Daniel Filan

About me

I'm currently a research manager at MATS, where I chat with scholars and hopefully turn them into cool resarchers - specifically, working on AI alignment, interpretability, and/or governance.

I have a blog where I write about topics of interest to me: as of the time I write this, there are posts about forecasting, math, and puzzles.

I also have a podcast about this field of research. It's called AXRP, which is short for the AI X-risk Research Podcast. You can listen to episodes on YouTube, or by searching "AXRP" in your favourite podcast app. Alteratively, you can read transcripts here.

In addition to AXRP, I have another podcast called The Filan Cabinet, where I talk to people about whatever I want. Episodes are available on YouTube, or wherever you listen to podcasts.

I'm interested in effective altruism, how we can use our limited resources to do the most good in the world. I also sometimes bet on things, for reasons described by Bryan Caplan and Immanuel Kant.

I completed my PhD in AI at UC Berkeley in 2024, where I was supervised by Stuart Russell.

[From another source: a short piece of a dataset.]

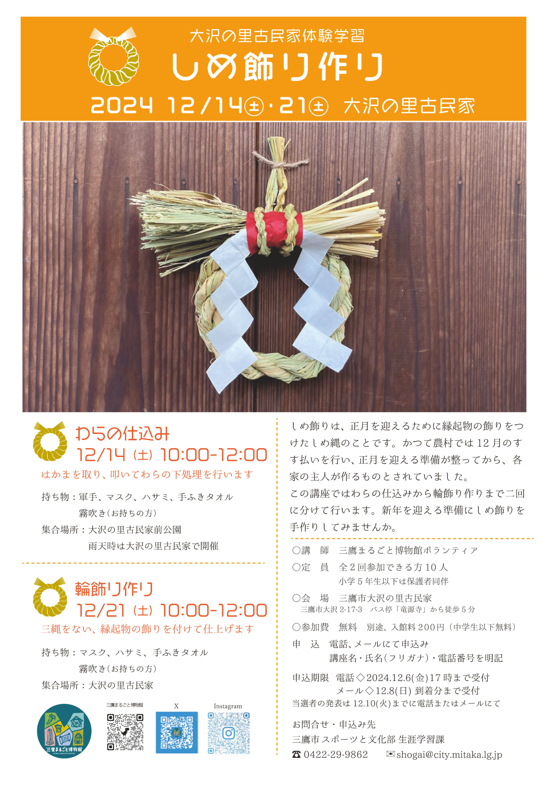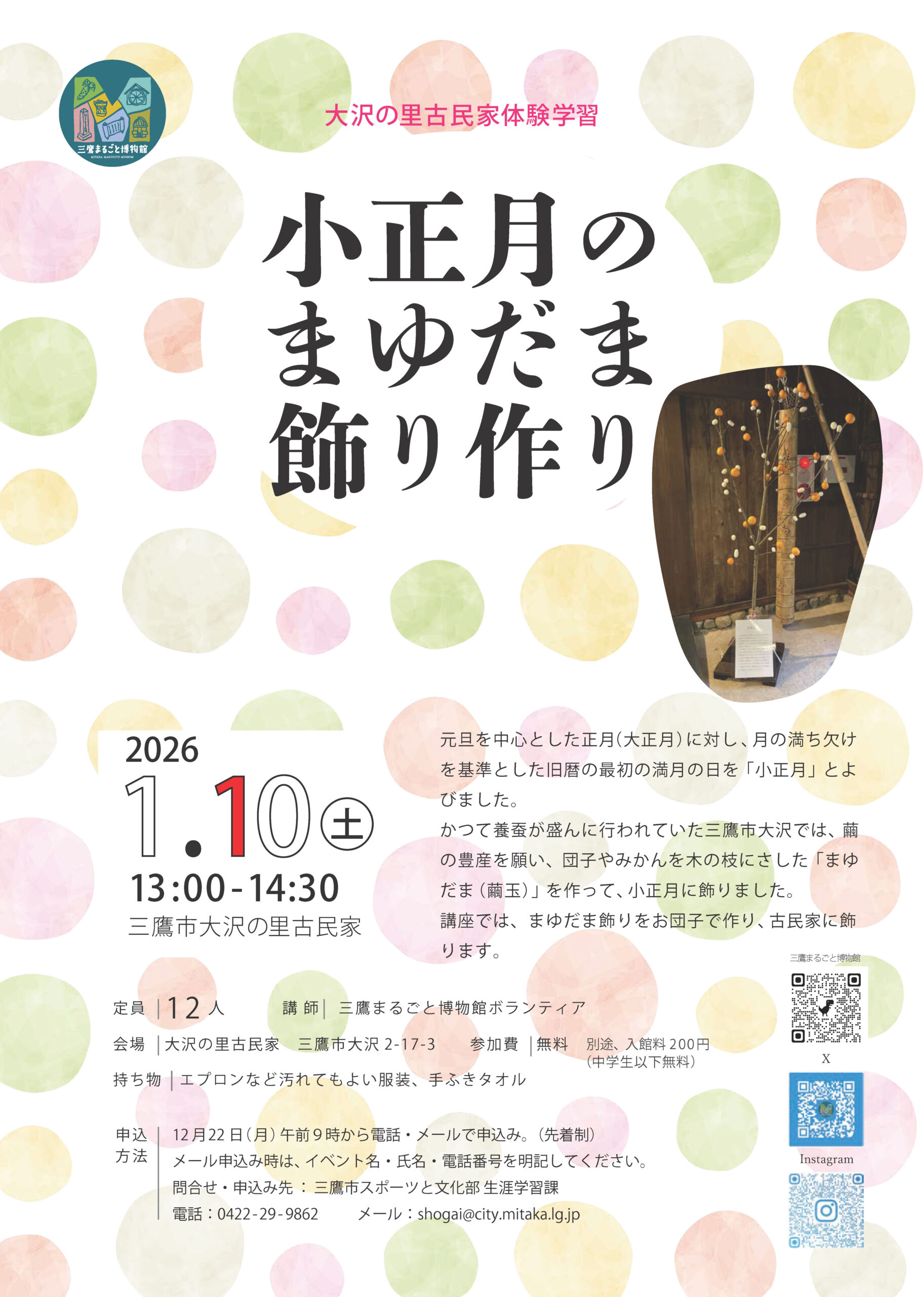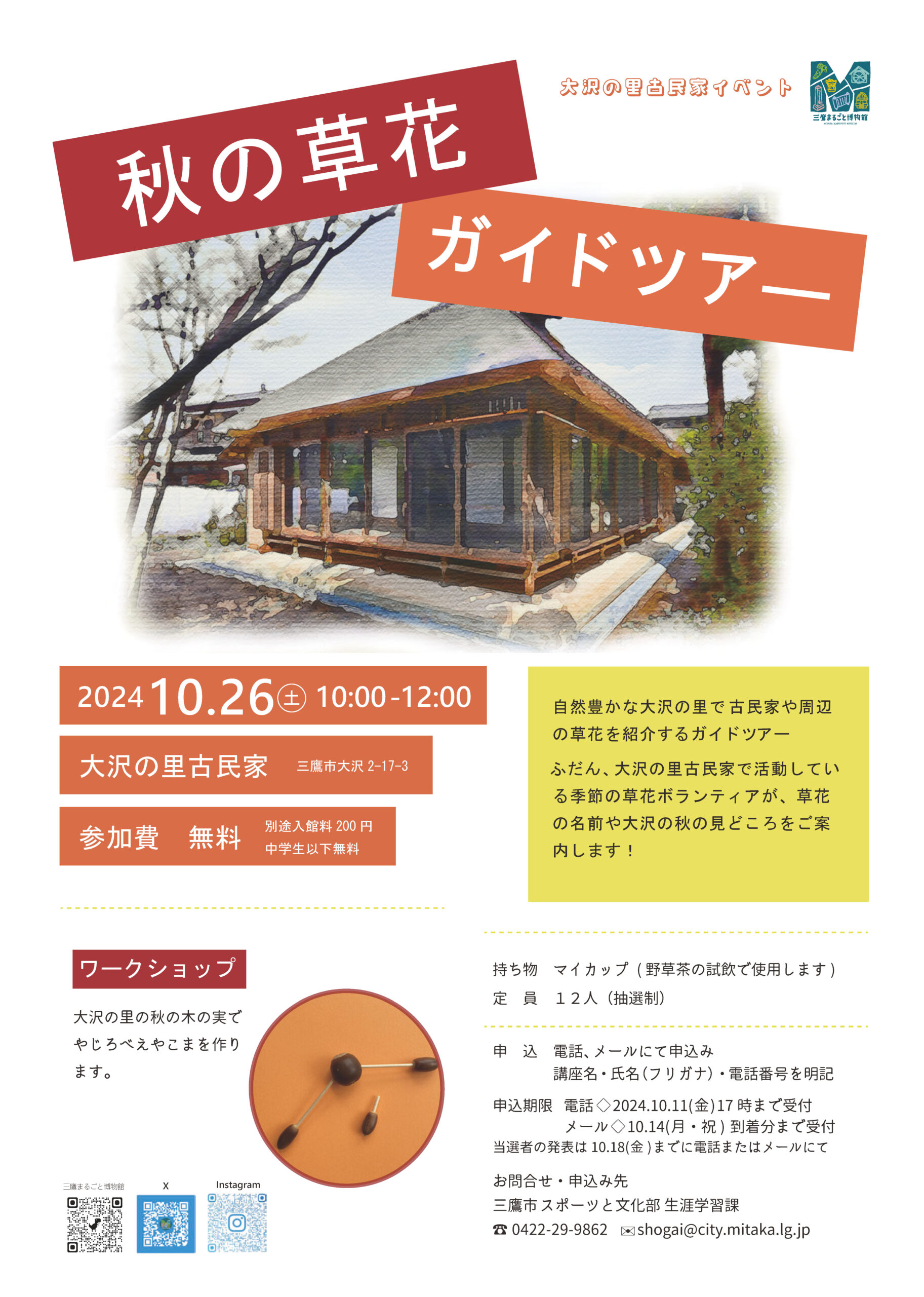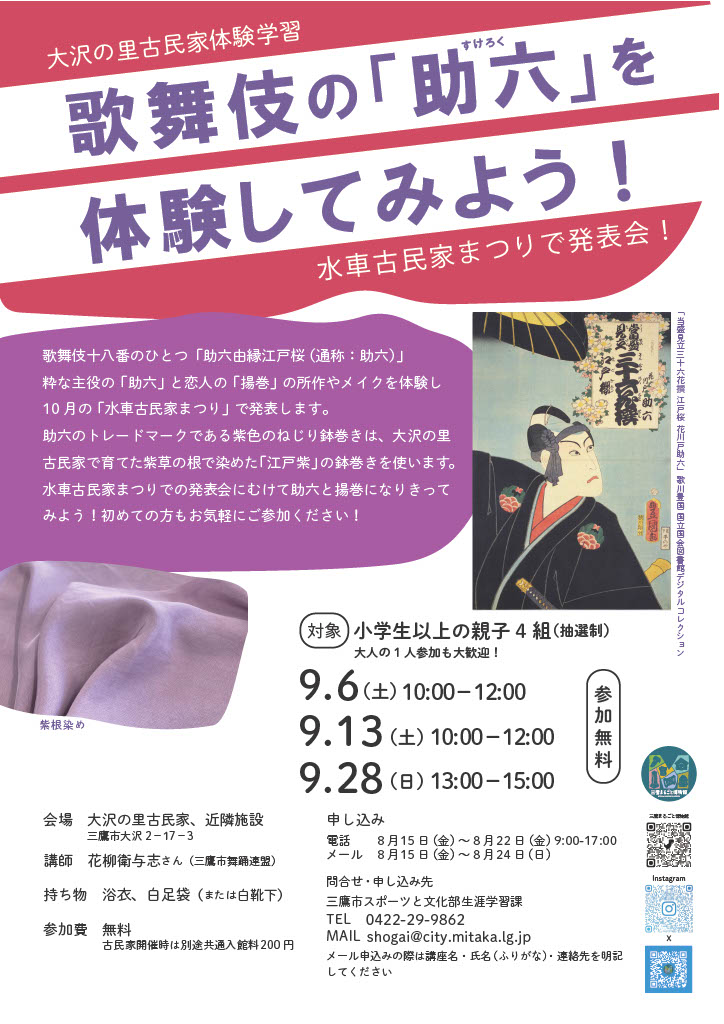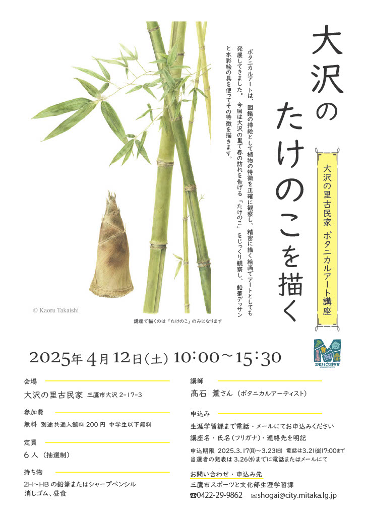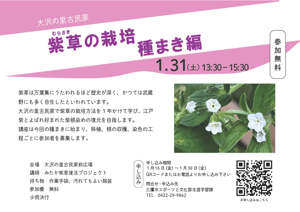Activity Log 活動履歴 2026.1.31 紫草の栽培 種まき編 2026.1.10 小正月のまゆだま飾り作り 2025.10.4-5 水車古民家まつり 2025.9.6・13・28 歌舞伎の「助六」を体験してみよう 2025.4.12 大沢のたけのこを描く 2025.3.16 古の影 ソーラーで照らす妖怪影絵 2024.12.14・21 しめ飾り作り 2024.10.6 秋の草花ガイドツアー 2024.10.5-6 水車古民家まつり 2024.9.14 万葉の香りを楽しむ フジバカマの匂い袋作り 2024.7.27 夏の草花ガイドツアー 2024.6.15 ボタニカルスケッチ 2024.4.27 春の草花ガイドツアー 2024.3.9 ボタニカルアート 三鷹大沢わさびを描く 2024.2.24-12.7 みたか紫草復活に向けて紫草を一緒に育てませんか 2024.2.17 季節の草花ガイドツアー春寒 2024.1.13 小正月のまゆだま飾り作り 2023.12.9・23 しめ飾り作り 2023.12.2 三鷹大沢わさびーその歴史と遺伝的特徴ー 2023.11.18 紫草の根掘り 2023.10.28 季節の草花ガイドツアー 爽秋の大沢をめぐる 2023.10.22 三鷹まるごと博物館交流会 2023.10.14-15 大沢の里 水車・古民家まつり 2023.9.23 万葉の香りを楽しむ フジバカマの匂い袋作り

You can read my thesis "Structure and Representation in Neural Networks" here.

I did my undergrad at the Australian National University, studying the theory of reinforcement learning, mathematics, and theoretical physics. I did my honours year (similar to a research master's degree lasting one year) under Marcus Hutter; you can read my thesis "Resource-bounded Complexity-based Priors for Agents" here.

Papers

bibtex

Clusterability in Neural Networks. arxiv
With Stephen Casper, Shlomi Hod, Cody Wild, Andrew Critch, and Stuart Russell.
Introduces the task of dividing the neurons of a network into groups such that edges between neurons in the same group have higher weight than edges between neurons in different groups. Implements this using graph clustering, so 'clusterability' refers to the divisibility of networks. Shows that in many conditions, networks trained with pruning and/or dropout are more clusterable than if their weights were randomly permuted. Also introduces a method of regularizing networks for clusterability.
Exploring Hierarchy-Aware Inverse Reinforcement Learning. arxiv
With Chris Cundy (lead author).
Presented at GoalsRL 2018, held jointly at ICML, IJCAI, and AAMAS 2018.
Advocates for the use of hierarchical planning models of humans for use in inverse reinforcement learning as more realistic for complex tasks, showing that in one task they perform comparably to state-of-the-art models.
Modeling Agents with Probabilistic Programs. website
With Owain Evans (lead author), Andreas Stuhlmüller, and John Salvatier.
Web book.
A web book explaining how to write models of agents in the webppl probabilistic programming language. Covers topics such as "planning as inference", (PO)MDPs, inverse reinforcement learning, hyperbolic discounting, myopic planning, and multi-agent planning.
Self-Modification of Policy and Utility Function in Rational Agents. arxiv
With Tom Everitt (lead author), Mayank Daswani, and Marcus Hutter.
Presented at AGI 2016, winner of the Kurzweil prize for best paper.
Discusses agents that can modify their source code and predict the result of these modifications, and how to define them so that they don't make modifications that stop them from optimising what we originally told them to optimise.
Loss Bounds and Time Complexity for Speed Priors. jmlr
With Jan Leike and Marcus Hutter.
Presented at AISTATS 2016.
A discussion of 'speed priors', that is to say priors over infinite sequences of bits that penalise complex strings, where complexity is measured by the length of programs that produce a string, and the time those programs take to run. Builds off Jürgen Schmidhuber's original paper defining his Speed Prior.